Other laws and public policy decisions have impacts on forest products industries. Many of these are directly related to timber supply and are covered in SAPMINR Special Report 71. These include the Commercial Forest Act and the Forest Practices Act, below-cost timber sales, threatened and endangered species, wetlands and other issues, as well as changes in management policy as forest management moves from stand-level decision making to landscape (or ecosystem) management. Other legislative issues relevant to the forest products industries relate to worker protection from pesticides, wood dust and other noxious substances, and hazardous waste disposal regulations.
The forest products industry, like other manufacturing industries, produces some amount of hazardous material requiring safe disposal. The amount of hazardous materials generated varies greatly among segments of the forest industry. The furniture industry, the pressure-treated wood preservative industry (mainly softwoods in Michigan), and the pulp and paper industry (discussed in SAPMINR Special Report 73) probably generate the largest volume of hazardous materials within the industry.
Most wood furniture produced in Michigan undergoes some type of finishing treatment (such as painting or staining and lacquering) as part of the manufacturing process. Traditionally, many of these finishes have been petroleum-based and chemically very volatile. Thus, many pose environmental and health risks that require safe disposal of wastes as well as protection of workers applying these finishes.
Current trends within the furniture industry are focusing on ways to minimize use of these finishing compounds to achieve compliance with air quality regulations and worker protection standards. Some states, such as California, already have strict air quality laws that greatly restrict the amount of emissions from furniture plants. This trend is expected to continue in other states, too. Consequently, many furniture industries are researching the use of water-based paints, stains and lacquers and high volume, low pressure spraying systems.
Another segment of the wood industry in Michigan that generates hazardous wastes is the pressure-treated wood preservative industry. Wood preservatives, by their chemical nature, tend to be potent (many preservatives contain heavy metals) because they must protect lumber from invasion by both insects and wood-rotting fungi. Many wood treatment plants in Michigan, because of the state's strict environmental regulations, no longer use certain types of preservative treatments, such as pentachlorophenol and creosote.

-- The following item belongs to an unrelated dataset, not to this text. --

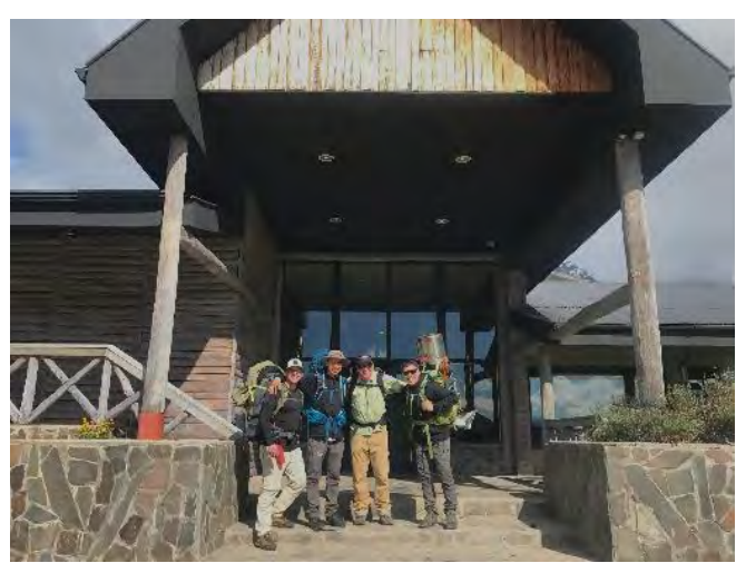
Base Torres Trail Builders

<u>Old Italian Camp</u>, located at the entrance to the French Valley on the very popular "W" hiking trail, was used as a campground for over 30 years. Although the campground was closed when a new Italian Camp was established 3 years ago, the old toilet buildings remained. Use of the bathroom facilities at the old camp had exceeded the capacity of the facilities and needed to be remediated. On this trip, there was a weeklong effort to begin cleanup at Old Italian Camp. Garry Oye developed a cleanup

Consequently, most of the treatment plants operating in Michigan use chromated copper arsenate (CCA) and related compounds. Many of these plants are required by law to reuse and recycle as much of the chemical preservative as possible through the use of reclamation pads to collect drippings and other methods of capturing unused preservative not taken up by the lumber being treated. However, certain amounts of preservative and preservative-treated wood scraps are generated and must be disposed.
The pressure-treated wood preservative industry is researching new chemicals that pose fewer environmental and/or health risks and new treatment processes or methods that minimize exposure to both workers and end users of the treated wood product (e.g., the addition of sealers into the wood preservative solution). Stricter environmental laws in Michigan could further curtail the preservative-treated wood industry in the state.

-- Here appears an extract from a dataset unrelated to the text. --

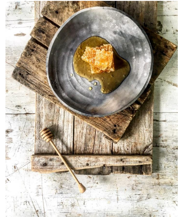
Raw Earth Plate with Honey | Saggars Fired

The first of its kind, Liquid Quartz™ is a non-toxic, food-safe, water based sealer that allows you to turn your unglazed decorative ware into waterproof, highly stain resistant functional ware. It can be applied to any unglazed, fired clay body; bisque ware, vitrified ceramics, or alternatively fired work (pit, smoke, saggars, barrel, naked raku etc.) to create a completely invisible yet highly effective protective barrier.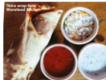
Tikka wrap from Wanstead Kitchen

Arch Deli - A really unique and quirky little place, you can sit outside, sip a glass of wine and share a plate of meat and cheese at £15 for 2 people

A related area of public concern is the recycling of wood waste. The Environmental Protection Agency estimates that 56 million tons of wood and paper currently go into U.S. landfills-a quantity three times the 1990 timber harvest from national forests. Though wood accounts for only 7 percent of landfill volume, a variety of new technologies are being explored to use recycled wood (Dietzman, 1993).
Closely related to the hazardous waste issue affecting the forest industry is worker protection from noxious substances. In addition to the hazardous substances described above, other noxious substances found within the wood industry workplace include wood dust and pesticides. Both of these substances require the industry to protect workers and minimize exposure.
Exposure to fine-textured wood dust particles that woodworkers can inhale is a controversial issue that has lately received much attention. There is some medical evidence that indicates that long-term exposure to wood dust can cause health problems ranging from chronic respiratory problems to possibly more serious problems such as lung cancer.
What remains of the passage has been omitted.